*** Available records Section Begins ***

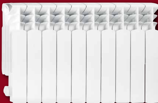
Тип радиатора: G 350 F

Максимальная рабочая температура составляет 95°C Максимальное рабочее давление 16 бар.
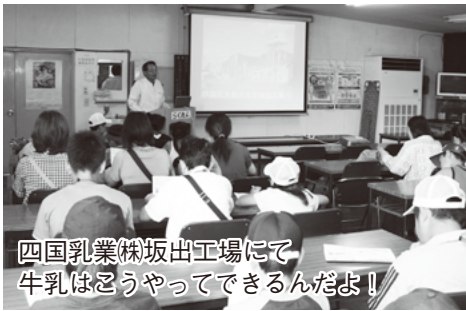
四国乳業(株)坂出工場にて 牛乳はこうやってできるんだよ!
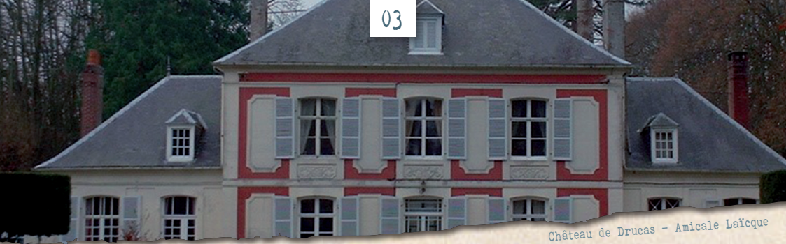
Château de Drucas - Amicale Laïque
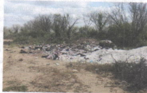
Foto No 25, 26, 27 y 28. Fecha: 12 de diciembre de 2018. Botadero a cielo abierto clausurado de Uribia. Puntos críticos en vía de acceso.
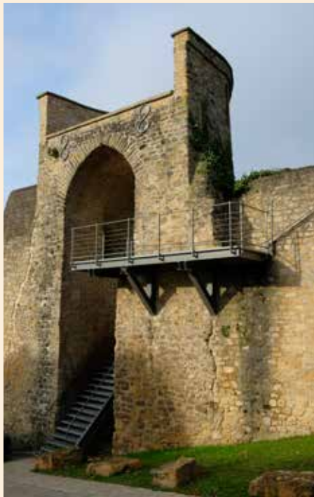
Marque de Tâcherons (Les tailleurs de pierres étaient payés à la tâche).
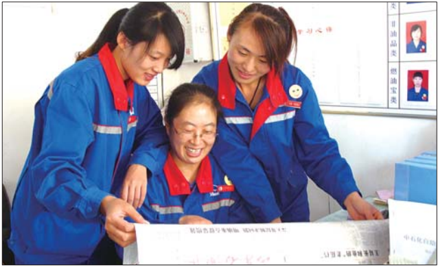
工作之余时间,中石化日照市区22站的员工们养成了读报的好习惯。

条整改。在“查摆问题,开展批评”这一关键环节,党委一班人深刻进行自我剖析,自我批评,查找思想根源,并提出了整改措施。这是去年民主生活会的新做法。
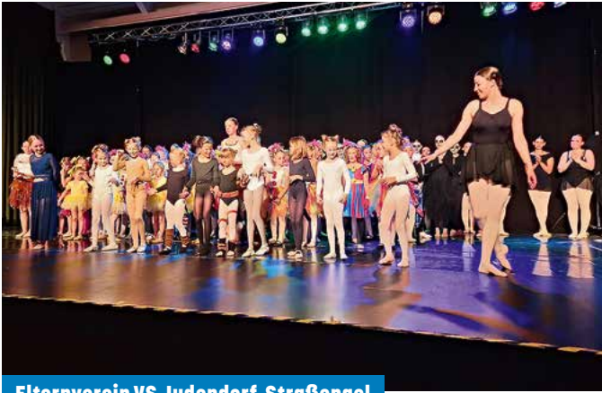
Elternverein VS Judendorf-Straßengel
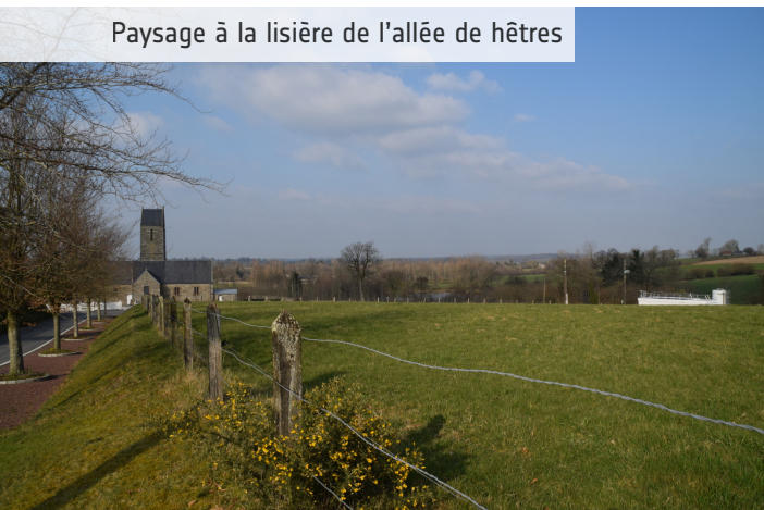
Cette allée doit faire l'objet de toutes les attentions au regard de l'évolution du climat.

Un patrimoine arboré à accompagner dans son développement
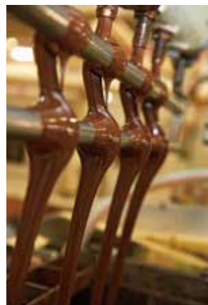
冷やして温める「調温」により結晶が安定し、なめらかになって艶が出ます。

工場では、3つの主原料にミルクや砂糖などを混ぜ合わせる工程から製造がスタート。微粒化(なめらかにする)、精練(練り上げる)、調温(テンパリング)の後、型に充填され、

*** Available records Section Ends ***
*** Available records Section Begins ***

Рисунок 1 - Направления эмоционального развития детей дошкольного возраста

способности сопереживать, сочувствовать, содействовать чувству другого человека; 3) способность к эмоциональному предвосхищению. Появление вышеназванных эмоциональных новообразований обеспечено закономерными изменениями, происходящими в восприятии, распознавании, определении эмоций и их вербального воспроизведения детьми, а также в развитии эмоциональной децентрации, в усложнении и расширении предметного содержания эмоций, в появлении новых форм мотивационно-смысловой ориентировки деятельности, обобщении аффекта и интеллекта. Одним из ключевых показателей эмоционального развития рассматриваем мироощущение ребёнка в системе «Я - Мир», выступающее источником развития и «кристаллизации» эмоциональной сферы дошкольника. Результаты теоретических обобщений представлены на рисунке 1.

*** Available records Section Ends ***
*** Available records Section Begins ***

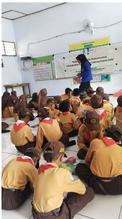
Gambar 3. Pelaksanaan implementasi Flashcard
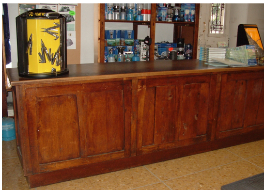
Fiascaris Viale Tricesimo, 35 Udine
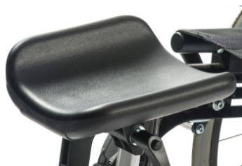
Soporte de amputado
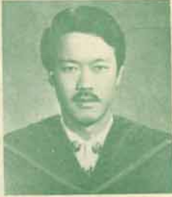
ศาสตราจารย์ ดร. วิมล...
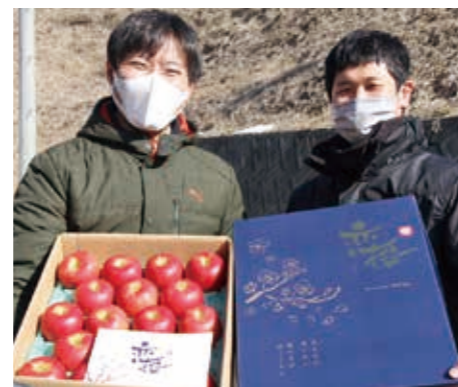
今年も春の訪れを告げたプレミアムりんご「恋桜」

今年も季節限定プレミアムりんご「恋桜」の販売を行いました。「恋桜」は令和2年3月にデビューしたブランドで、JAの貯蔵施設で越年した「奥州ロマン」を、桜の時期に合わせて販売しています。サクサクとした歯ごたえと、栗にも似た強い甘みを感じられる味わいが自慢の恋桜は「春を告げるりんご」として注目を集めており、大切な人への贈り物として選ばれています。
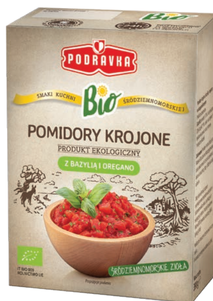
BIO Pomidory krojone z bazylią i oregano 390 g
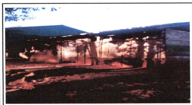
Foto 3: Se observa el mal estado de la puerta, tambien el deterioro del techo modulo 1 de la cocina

*** Available records Section Ends ***

> _Exercise directions_
How would the lines above read from the one with "Тип радиатора: G 350 F" to the one with "Elternverein VS Judendorf-Straßengel", inclusive, with no pictures? Write them out exactly.

> _The answer_
Тип радиатора: G 350 F

Максимальная рабочая температура составляет 95°C Максимальное рабочее давление 16 бар.
四国乳業(株)坂出工場にて 牛乳はこうやってできるんだよ!
Château de Drucas - Amicale Laïque
Foto No 25, 26, 27 y 28. Fecha: 12 de diciembre de 2018. Botadero a cielo abierto clausurado de Uribia. Puntos críticos en vía de acceso.
Marque de Tâcherons (Les tailleurs de pierres étaient payés à la tâche).
工作之余时间,中石化日照市区22站的员工们养成了读报的好习惯。

条整改。在“查摆问题,开展批评”这一关键环节,党委一班人深刻进行自我剖析,自我批评,查找思想根源,并提出了整改措施。这是去年民主生活会的新做法。
Elternverein VS Judendorf-Straßengel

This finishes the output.